By now I am no longer a 'young boy', but an oldie (56 years old). Seasoned in the world of fraud prevention. Concerned with issues such as corruption, money laundering, integrity and governance. I learnt the trade at the Inland Revenue and was lucky enough to work at the FIOD, where I had the opportunity to run small and large cases. In the field of organisational and white-collar crime (e.g. VAT fraud, investment fraud and the reporting fraud at Ahold) and organised crime (e.g. into the Surinamese army chief Desi Bouterse, convicted for drug trafficking, and the 'Hakkelaar gang'). I was also an investigator for the Lower House on several occasions (including the Parliamentary Inquiry into the Construction Fraud, and the investigation into the HBO fraud.

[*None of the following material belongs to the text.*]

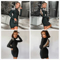 Black Women Bandage Dress High Neck Long Sleeve Sexy Halter Beaded Tassel Dress Bodycon Dress Club Party Dresses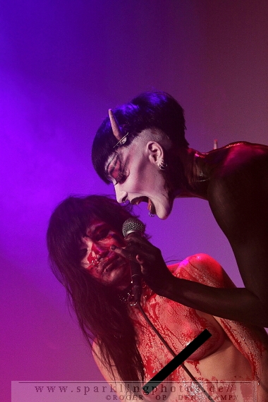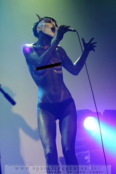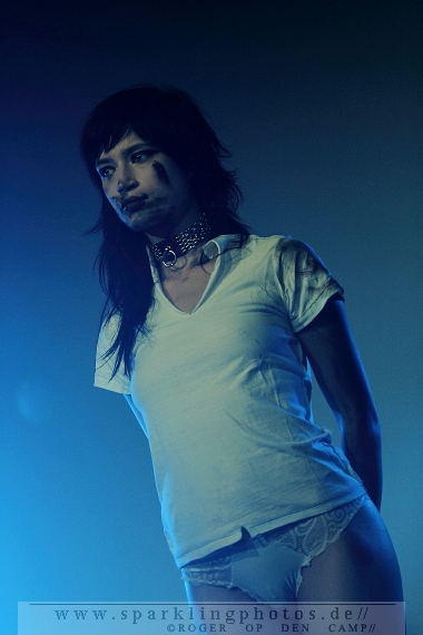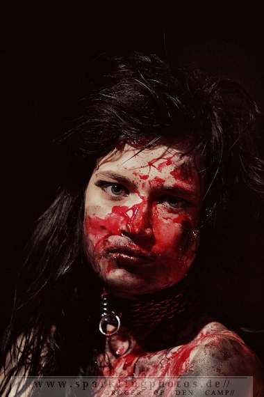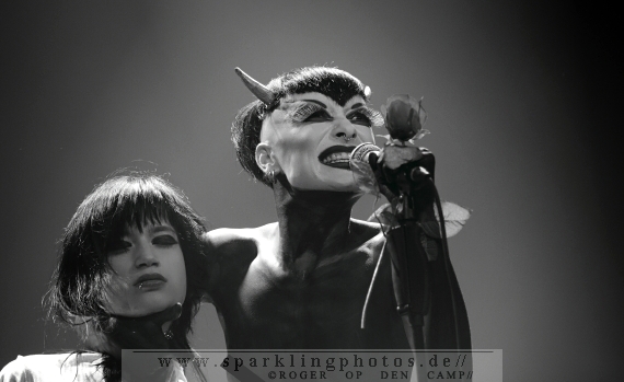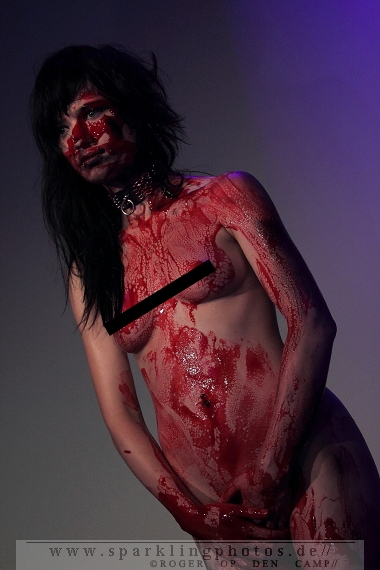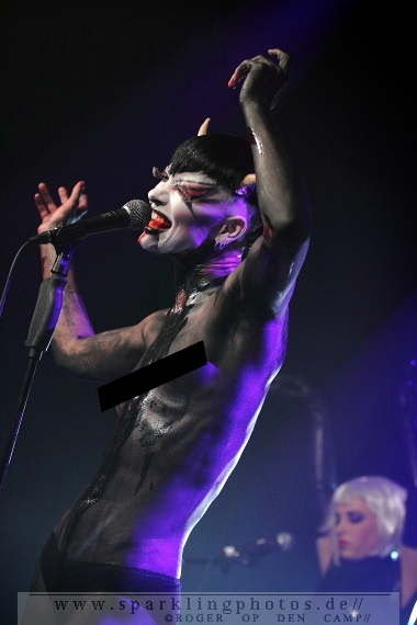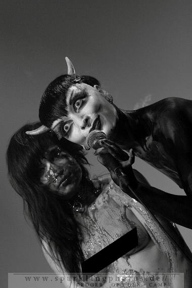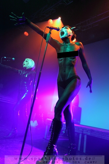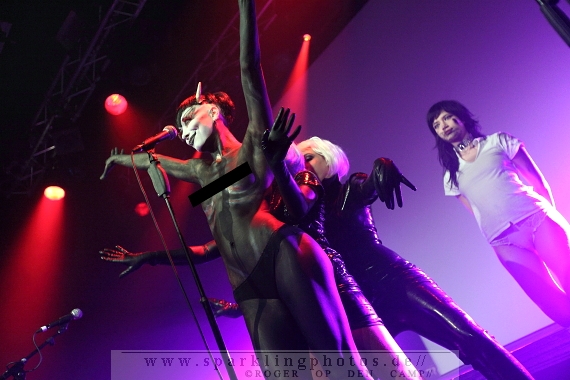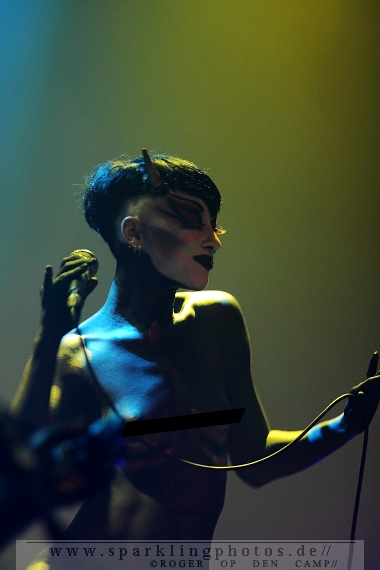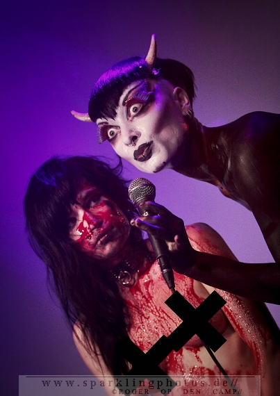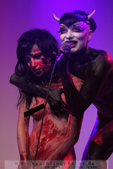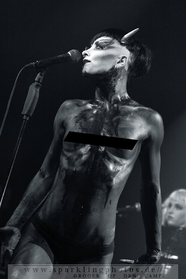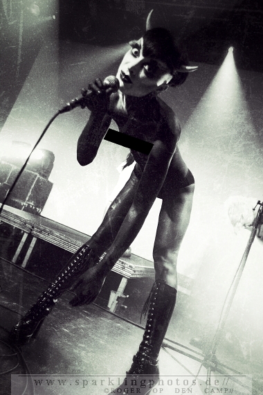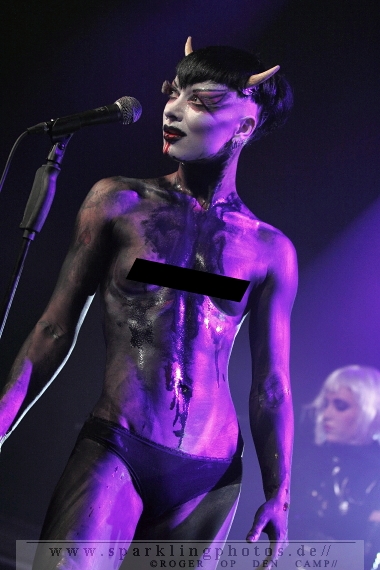 Als nächstes stehen Grausame Töchter auf dem Programm und was sie da auf der Bühne machen, ist schon etwas ganz Spezielles. Ihre Musik wird von einer extravaganten Show unterstützt und sie ziehen damit alle Aufmerksamkeit voll auf sich. Man merkt sofort, dass die Niederlande ein offenes Land sind und daher sind sogar einige Jugendliche zugelassen, allerdings natürlich in Begleitung eines Erwachsenen. Auch wenn es hier nackte Körper zu sehen gibt, wirkt das nicht unbedingt obszön oder gar inakzeptabel. Auch Sängerin Aranea Peel zeigt sich uns nur wenig verhüllt. Ihr Körper ist schwarz bemalt, das Gesicht ist weiß, was besonders ihre Augen und ihren Ausdruck betont. Ihre Gesichtsausdrücke sind fantastisch und lassen uns an Nina Hagen denken. Den Bassisten hatten wir hingegen gestern schon bei Pre/Verse gesehen. Die Musik der Grausamen Töchter fällt in die Dark Electro-Punk Sparte, angereichert mit einem gehörigen Schuss Cabaret. Einige Lieder die sie spielten waren: Rosen für dich, Therapie, Für Dich und Ich Darf Das. Natürlich darf sie das…

After 18 years in the Tax Office, including 12 years in the FIOD, I made the switch to the Universities for which I still work. Wrote several books and many articles on fraud (investigations). Was called in as an expert by judges, trustees and lawyers. Reported among other things on the money laundering transactions in the investigation into Willem Holleeder and the property traders Willem Endstra and Dirk Jan Paarlberg, and recently on the role of accountants at Imtech. As a columnist, I wrote hundreds of columns on accountant.nl and have been writing in the Financieele Dagblad for more than 10 years.
From my background and experience, I will write periodically on the subject that has fascinated me for 40 years. A subject as old as the road to Rome. A subject that will always remain topical and should be on the agenda (read: your agenda). A subject that has new manifestations all the time. Greenwashing' - pretending to be better and 'greener' in sustainability reports than you actually are as a company - is the fraud of the future. Thus, the dangers of the crypto industry are increasingly coming to the surface.
In short: plenty to write about. In the form of anecdotes, dealing with current affairs, delving into a technical subject such as fraud risk analysis or the fraud triangle, going into the psyche of the fraudster, interpreting investigations into the nature and extent of fraud and highlighting the (sometimes dubious) role of the accountant.